*Available data*
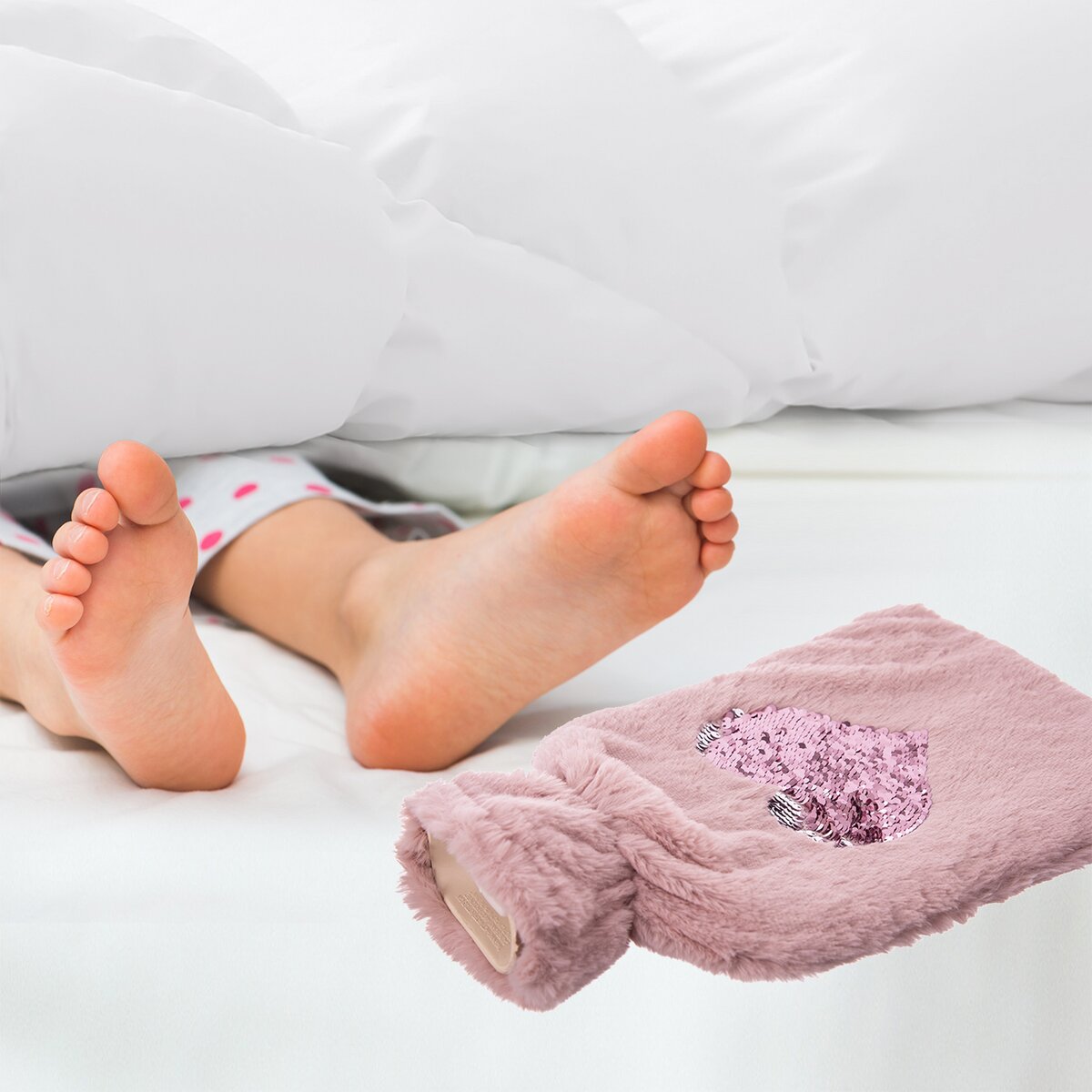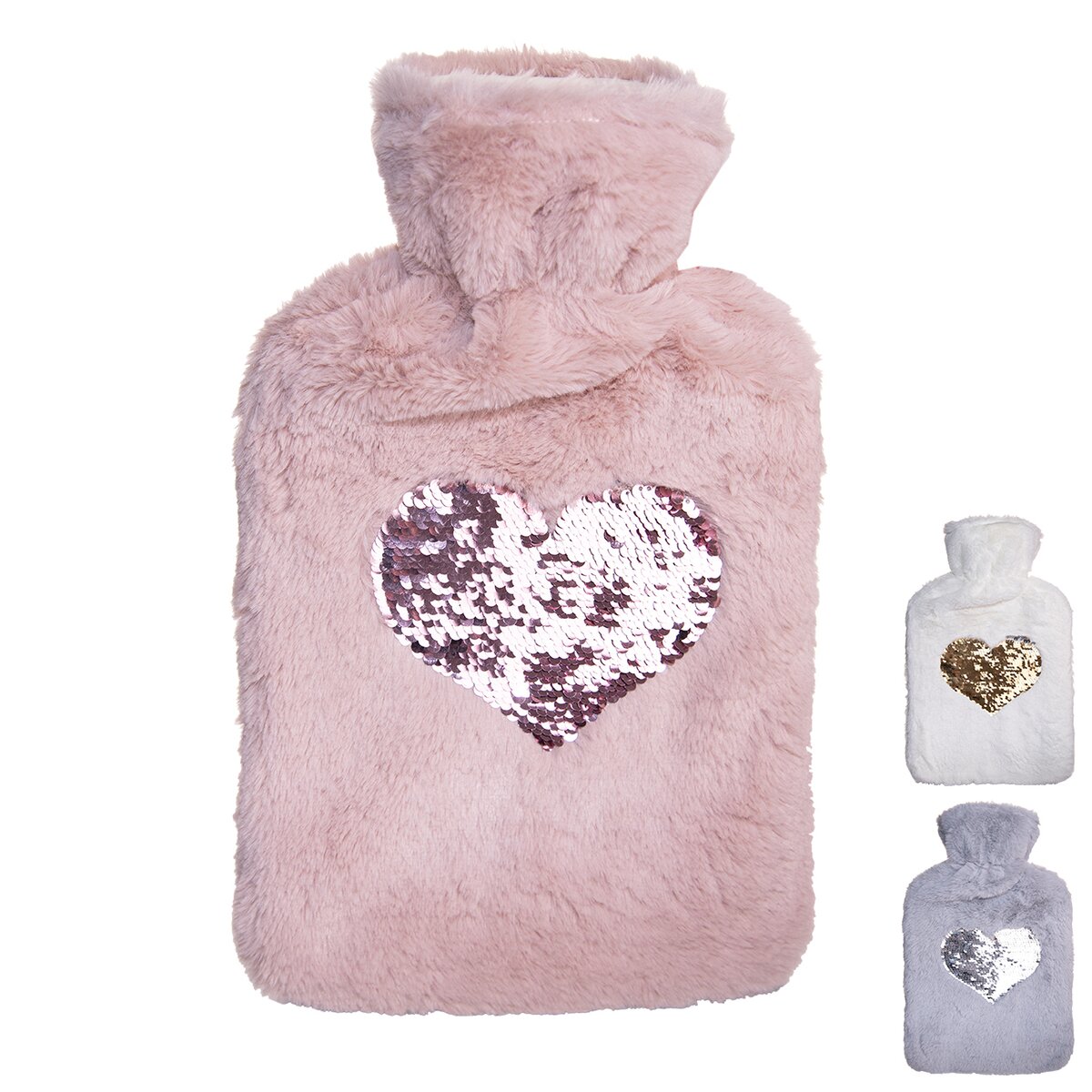 Tento termofor tvoří klasická gumová láhev se šroubovacím uzávěrem vložená do plyšového obalu, na kterém je vyobrazené třpytivé srdce. Nádobu stačí vyndat a naplnit teplou vodou, která bude mít maximálně 40 °C. Samotný vak lze prát v pračce na 30 °C.
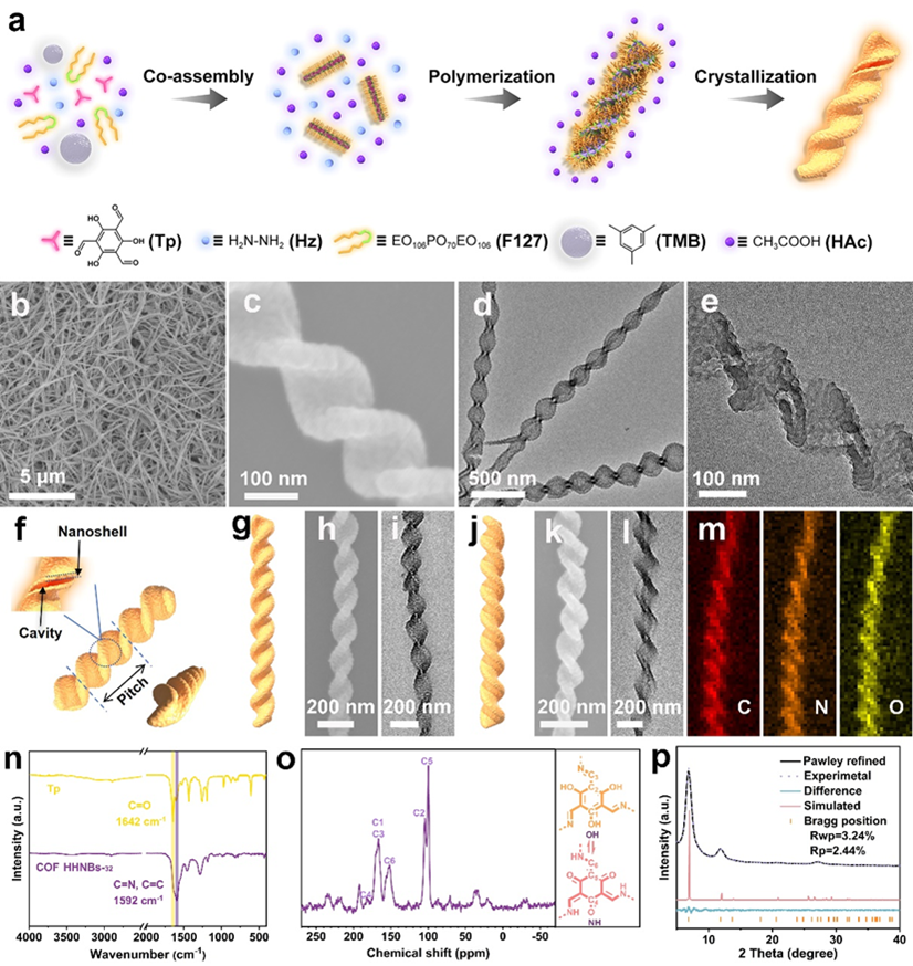 该胶束辅助自组装策略具体包括:以Pluronic F127为模板,1,3,5-三甲基苯(TMB)为胶束膨胀剂,1,3,5-三甲酰基间苯三酚(Tp)与水合肼(Hz)为COF构建单元,在室温下合成非晶态共价有机聚合物螺旋纳米带(COP HNRs)。随后,在120℃ 下经溶剂热处理实现结晶转化,获得具有螺旋空心结构的结晶态COF纳米带(COF HHNRs)(图1a)。扫描电子显微镜(SEM)和透射电子显微镜(TEM)图像显示,COF HHNRs具有中空结构,其表面伴有不规则颗粒形貌。能谱分析(EDX mapping)表明C、N、O元素分布均匀,进一步印证了材料结构的均一性。傅里叶变换红外光谱(FT-IR)及固态13C核磁共振(NMR)对COF HHNRs的化学结构进行表征,确认了COF骨架的成功构建。粉末X射线衍射(XRD)分析结果进一步证实了该材料的良好结晶性(图1)。
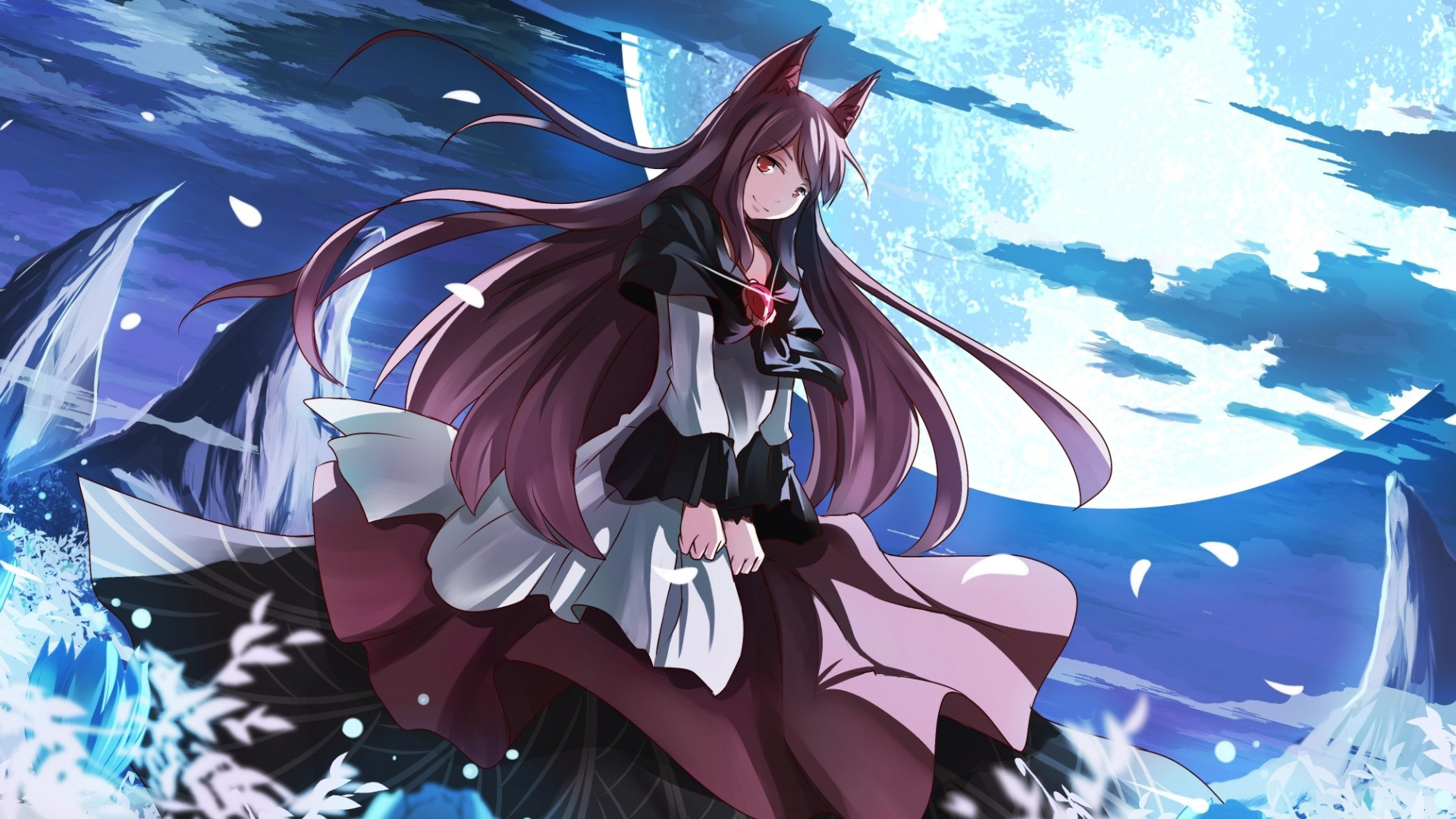 女孩和服持伞赏枫叶月亮唯美动漫电脑壁纸免费下载
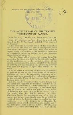 Credit: The latest phase of the trypsin treatment of cancer / [J.A. Shaw-Mackenzie]. Source: Wellcome Collection.
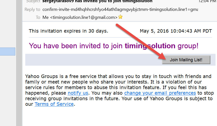 This is the e-mail associated with Timing Solution Yahoo Group, it should not be blocked:
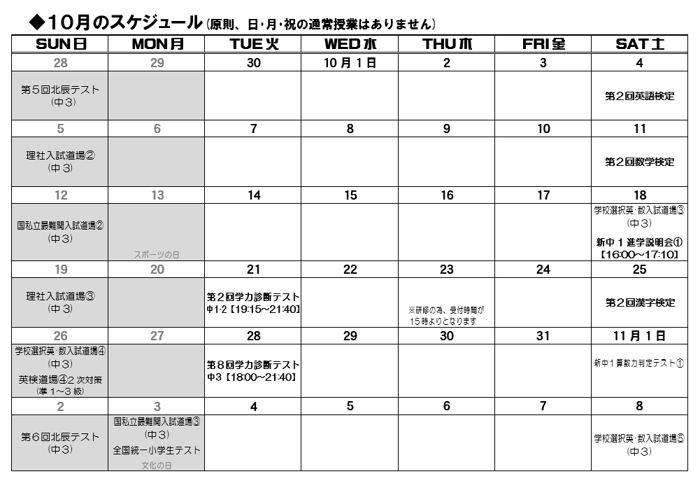 中学別予想問題演習10月11日(土) 13:00~18:00 5科ワーク特訓
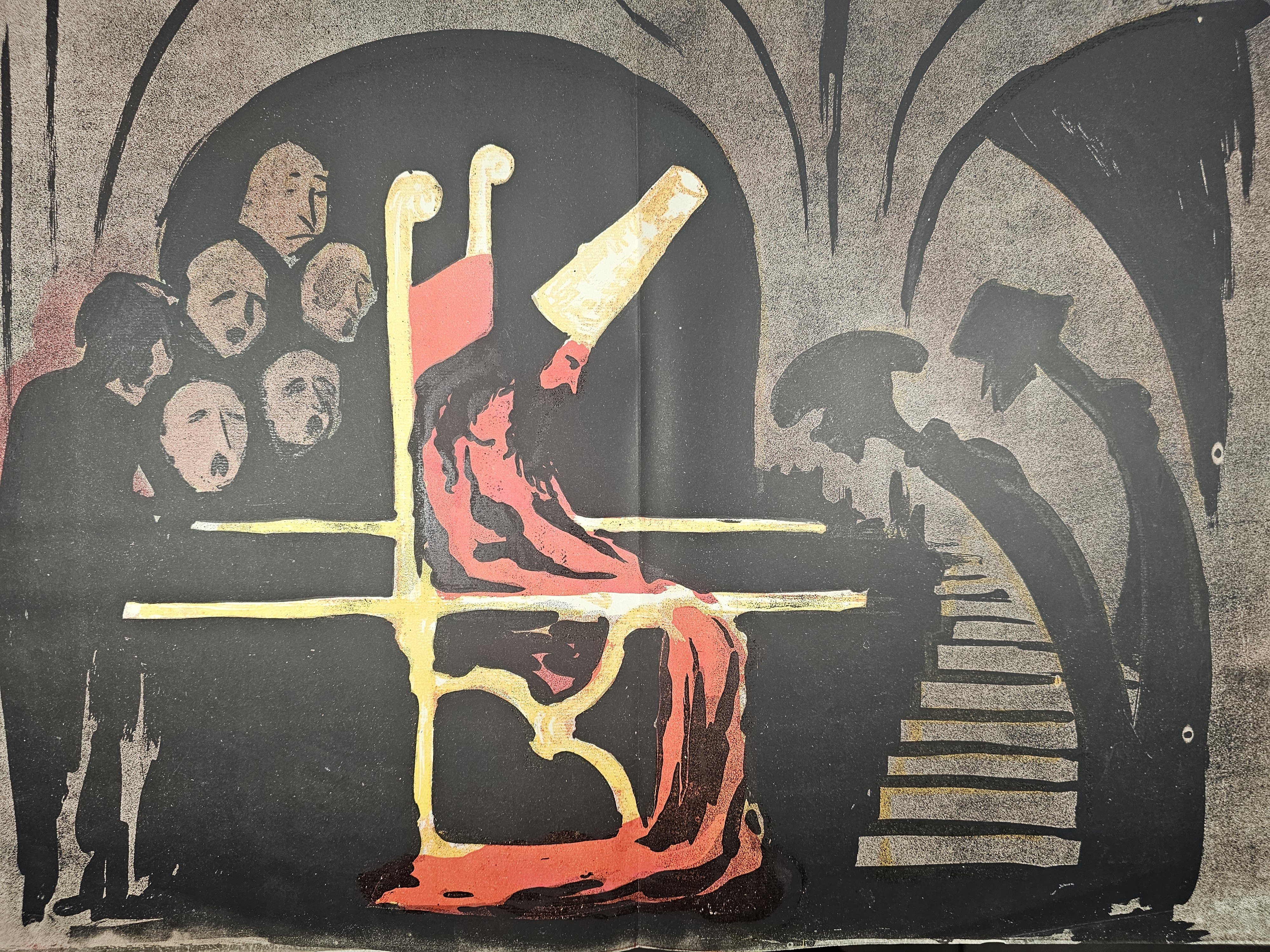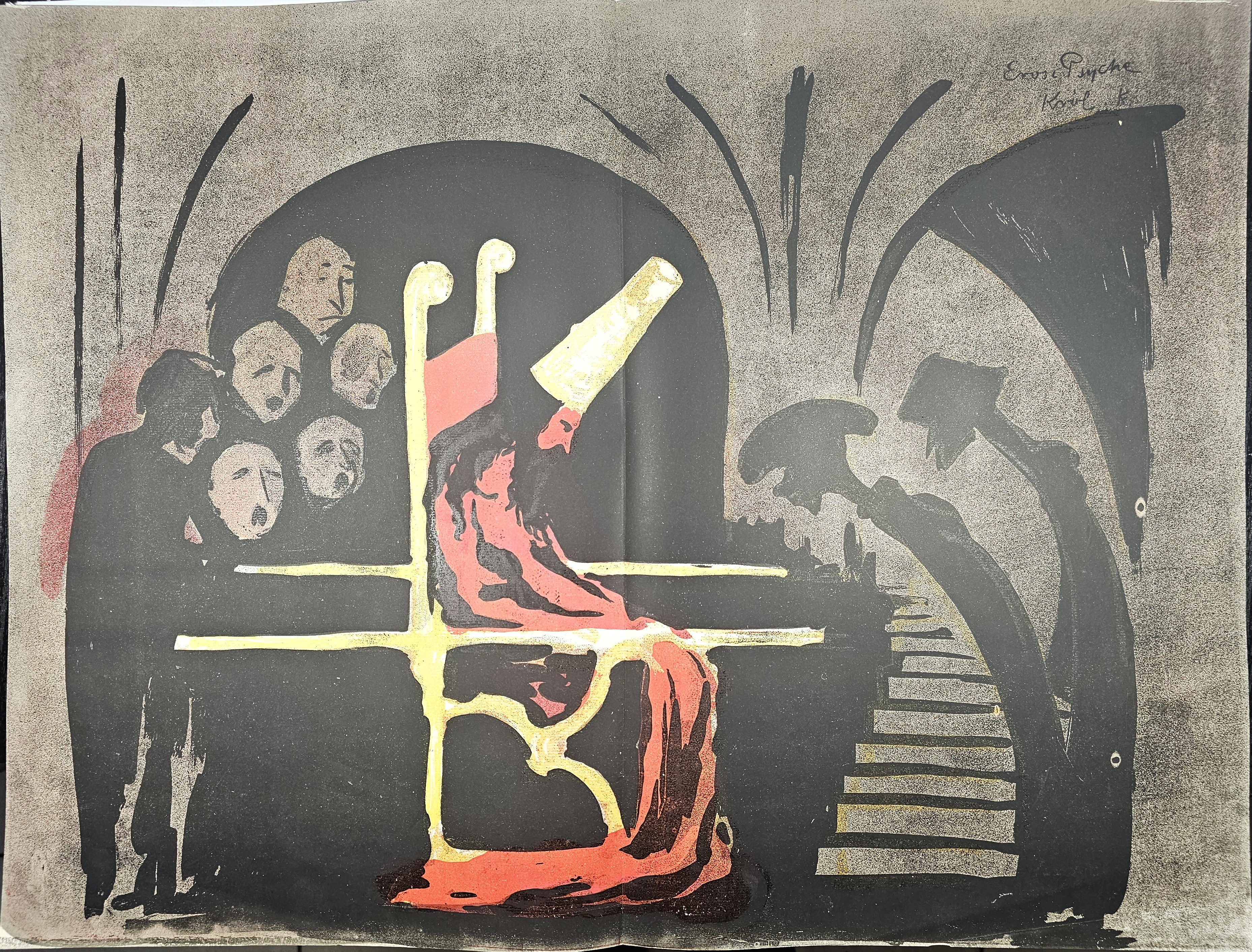 Karykatura, litografia, sygnowana na płycie p.g.: Eros i Psyche. Król. KF; wym.: 45 x 59 cm, karta złożona na pół, stan bardzo dobry. Rycina pochodzi z "Teka Melpomeny" wyd. w Krakowie w 1904 r. w Zakł. Litogr. A. Pruszyńskiego.

*Prompt*
Make an exact copy of the listing, with no images in it.

*Result*
 Tento termofor tvoří klasická gumová láhev se šroubovacím uzávěrem vložená do plyšového obalu, na kterém je vyobrazené třpytivé srdce. Nádobu stačí vyndat a naplnit teplou vodou, která bude mít maximálně 40 °C. Samotný vak lze prát v pračce na 30 °C.
 该胶束辅助自组装策略具体包括:以Pluronic F127为模板,1,3,5-三甲基苯(TMB)为胶束膨胀剂,1,3,5-三甲酰基间苯三酚(Tp)与水合肼(Hz)为COF构建单元,在室温下合成非晶态共价有机聚合物螺旋纳米带(COP HNRs)。随后,在120℃ 下经溶剂热处理实现结晶转化,获得具有螺旋空心结构的结晶态COF纳米带(COF HHNRs)(图1a)。扫描电子显微镜(SEM)和透射电子显微镜(TEM)图像显示,COF HHNRs具有中空结构,其表面伴有不规则颗粒形貌。能谱分析(EDX mapping)表明C、N、O元素分布均匀,进一步印证了材料结构的均一性。傅里叶变换红外光谱(FT-IR)及固态13C核磁共振(NMR)对COF HHNRs的化学结构进行表征,确认了COF骨架的成功构建。粉末X射线衍射(XRD)分析结果进一步证实了该材料的良好结晶性(图1)。
 女孩和服持伞赏枫叶月亮唯美动漫电脑壁纸免费下载
 Credit: The latest phase of the trypsin treatment of cancer / [J.A. Shaw-Mackenzie]. Source: Wellcome Collection.
 This is the e-mail associated with Timing Solution Yahoo Group, it should not be blocked:
 中学別予想問題演習10月11日(土) 13:00~18:00 5科ワーク特訓
 Karykatura, litografia, sygnowana na płycie p.g.: Eros i Psyche. Król. KF; wym.: 45 x 59 cm, karta złożona na pół, stan bardzo dobry. Rycina pochodzi z "Teka Melpomeny" wyd. w Krakowie w 1904 r. w Zakł. Litogr. A. Pruszyńskiego.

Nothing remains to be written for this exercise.